Entrepreneurship Support

STARTING AND GROWING SMALL, VIABLE BUSINESSES

Regular employment is not possible for everyone. Some beneficiaries live in smaller towns, some have mobility restrictions, some carry family responsibilities, and some have skills that are better suited to self-employment. For them, entrepreneurship can be a practical pathway to income and dignity.

 

CoEB supports the creation of small, realistic enterprises. The focus is not on glamorous start-up language, but on viable income-generating work: food businesses, kiosks, local services, rural enterprises, digital selling, and community-based micro-enterprises.

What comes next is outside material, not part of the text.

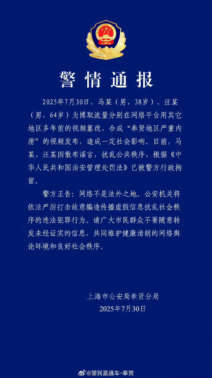 7月30日,上海市公安局奉贤分局发布警情通报:2025年7月30日,马某(男,38岁)、汪某(男,64岁)为博取流量分别在网络平台用其他地区多年前的视频篡改、合成“奉贤地区严重内涝”的视频发布,造成一定社会影响。目前,马某、汪某因散布谣言,扰乱公共秩序,根据《中华人民共和国治安管理处罚法》已被警方行政拘留。

What CoEB studies before recommending enterprise

  • Existing skills in cooking, stitching, retail, agriculture, handicrafts, teaching, services, digital work, or local trade.
  • Local demand and market opportunity in the beneficiary’s village, town, cantonment area, or city.
  • Available family support, time, space, mobility, and ability to manage customers or vendors.
  • Start-up cost, recurring cost, pricing, expected income, and risk of debt.
  • Whether the business can begin small and grow gradually without creating financial stress.

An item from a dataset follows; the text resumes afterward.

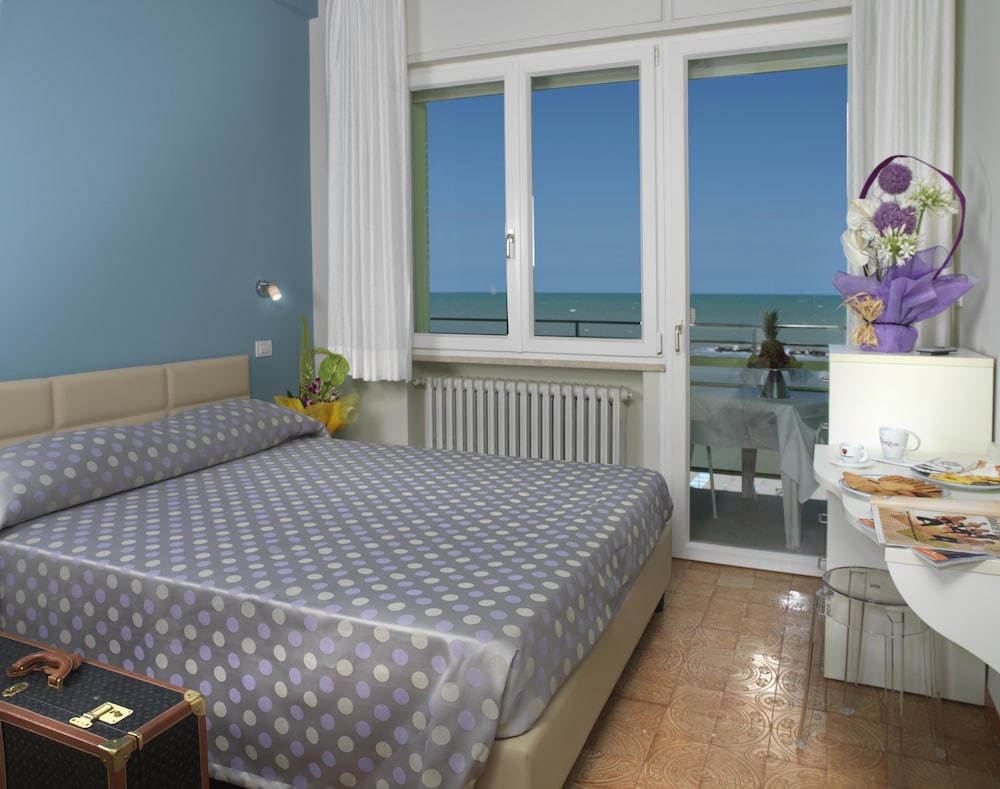 Come prima cosa l’accoglienza, che in Romagna è sempre TOP, la signora , senza neanche controllare, ci ha detto che li non potevamo lasciare le moto perché aspettava dei clienti, noi non lo eravamo? Ci era stato detto che la camera era vista mare, io vedevo solo la lavanderia e il parcheggio. La camera era piccola e non si poteva stare in piedi in 2 contemporaneamente , con un armadio senza ante e un solo comodino. per quanto riguarda la colazione, la sala sarebbe da rimodernare, le tovagliette erano di plastica e i tovaglioli erano quelli più scarsi sul mercato e, come ciliegina sulla torta, le tazze del caffè e the senza piattino e i bicchieri per il succo di PLASTICA. NON È UN QUATTRO STELLE. Unico pregio la pulizia delle camere

How CoEB supports entrepreneurs

  • Idea development – identifying a viable business idea based on skills, location, family context, and local market opportunity.
  • Business planning – support around costing, pricing, customers, margins, basic records, and sustainability.
  • Registration and documentation – guidance on Udyam registration, FSSAI for food ventures, GST basics, bank account readiness, and other regulatory steps where required.
  • Market linkages – connections to buyers, local retail channels, institutional clients, online marketplaces, and corporate gifting opportunities.
  • Mentoring – access to experienced mentors from the corporate, entrepreneurship, and military community.
  • Visibility and confidence – helping beneficiaries present their product or service with dignity, not as charity, but as quality work.

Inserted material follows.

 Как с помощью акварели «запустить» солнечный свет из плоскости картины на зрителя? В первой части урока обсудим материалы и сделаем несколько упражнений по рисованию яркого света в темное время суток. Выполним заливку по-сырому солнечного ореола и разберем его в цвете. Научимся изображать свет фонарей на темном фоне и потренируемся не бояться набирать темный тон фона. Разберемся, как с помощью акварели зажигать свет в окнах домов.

Business types CoEB can support

  • Home-based food, pickles, snacks, bakery, catering, and packaged products.
  • Cafeterias, kiosks, tea counters, food carts, and small retail units.
  • Agriculture-linked and rural micro-enterprises, including value-added farm products.
  • Tailoring, uniforms, local services, repair work, and small trade businesses.
  • Digital freelancing, online selling, catalogue-based sales, and assisted e-commerce.
  • Community services such as tiffin services, daycare support, tuition, wellness services, or local logistics where suitable.

CoEB’s enterprise principle

  • Start small, start safe, and build steadily.
  • Avoid pushing beneficiaries into loans before the idea is tested.
  • Prioritise dignity, quality, customer demand, and long-term sustainability over one-time publicity.